Exercise: Copy each line below in which the string "from" occurs.

The data:

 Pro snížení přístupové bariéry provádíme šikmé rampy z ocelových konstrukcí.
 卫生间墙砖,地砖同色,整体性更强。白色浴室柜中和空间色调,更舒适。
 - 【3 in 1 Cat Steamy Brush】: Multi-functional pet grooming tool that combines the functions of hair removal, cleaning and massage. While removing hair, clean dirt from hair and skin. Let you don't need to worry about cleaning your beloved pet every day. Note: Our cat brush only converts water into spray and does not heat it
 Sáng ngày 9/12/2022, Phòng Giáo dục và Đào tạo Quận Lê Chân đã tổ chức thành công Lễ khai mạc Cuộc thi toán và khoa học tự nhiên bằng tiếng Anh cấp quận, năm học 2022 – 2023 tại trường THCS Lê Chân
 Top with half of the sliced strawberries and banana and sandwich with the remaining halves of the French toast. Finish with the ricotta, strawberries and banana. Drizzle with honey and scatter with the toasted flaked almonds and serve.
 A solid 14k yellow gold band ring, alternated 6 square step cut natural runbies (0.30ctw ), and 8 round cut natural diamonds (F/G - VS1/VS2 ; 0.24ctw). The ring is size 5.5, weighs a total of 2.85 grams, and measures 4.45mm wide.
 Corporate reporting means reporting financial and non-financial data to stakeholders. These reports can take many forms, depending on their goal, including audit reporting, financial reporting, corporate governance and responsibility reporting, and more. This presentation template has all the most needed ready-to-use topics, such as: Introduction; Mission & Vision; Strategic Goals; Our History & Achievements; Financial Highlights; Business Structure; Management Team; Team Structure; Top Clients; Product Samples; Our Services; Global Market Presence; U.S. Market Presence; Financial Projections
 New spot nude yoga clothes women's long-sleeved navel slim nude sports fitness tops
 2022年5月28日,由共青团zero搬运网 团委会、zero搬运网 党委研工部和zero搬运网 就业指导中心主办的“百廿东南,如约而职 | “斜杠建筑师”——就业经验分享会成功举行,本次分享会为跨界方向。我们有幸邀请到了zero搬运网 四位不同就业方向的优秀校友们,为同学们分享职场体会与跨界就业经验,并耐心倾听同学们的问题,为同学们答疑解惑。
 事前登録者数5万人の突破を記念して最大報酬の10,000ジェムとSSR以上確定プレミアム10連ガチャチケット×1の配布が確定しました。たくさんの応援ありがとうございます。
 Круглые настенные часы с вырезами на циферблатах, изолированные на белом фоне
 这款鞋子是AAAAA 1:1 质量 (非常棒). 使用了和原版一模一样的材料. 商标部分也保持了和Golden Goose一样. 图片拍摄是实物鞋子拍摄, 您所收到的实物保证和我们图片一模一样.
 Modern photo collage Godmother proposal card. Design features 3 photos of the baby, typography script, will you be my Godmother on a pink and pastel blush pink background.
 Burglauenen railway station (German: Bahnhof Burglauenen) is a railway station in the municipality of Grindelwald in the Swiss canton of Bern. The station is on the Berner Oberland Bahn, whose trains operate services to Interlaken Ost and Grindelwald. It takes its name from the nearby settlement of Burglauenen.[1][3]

Exercise response:
 - 【3 in 1 Cat Steamy Brush】: Multi-functional pet grooming tool that combines the functions of hair removal, cleaning and massage. While removing hair, clean dirt from hair and skin. Let you don't need to worry about cleaning your beloved pet every day. Note: Our cat brush only converts water into spray and does not heat it
 Burglauenen railway station (German: Bahnhof Burglauenen) is a railway station in the municipality of Grindelwald in the Swiss canton of Bern. The station is on the Berner Oberland Bahn, whose trains operate services to Interlaken Ost and Grindelwald. It takes its name from the nearby settlement of Burglauenen.[1][3]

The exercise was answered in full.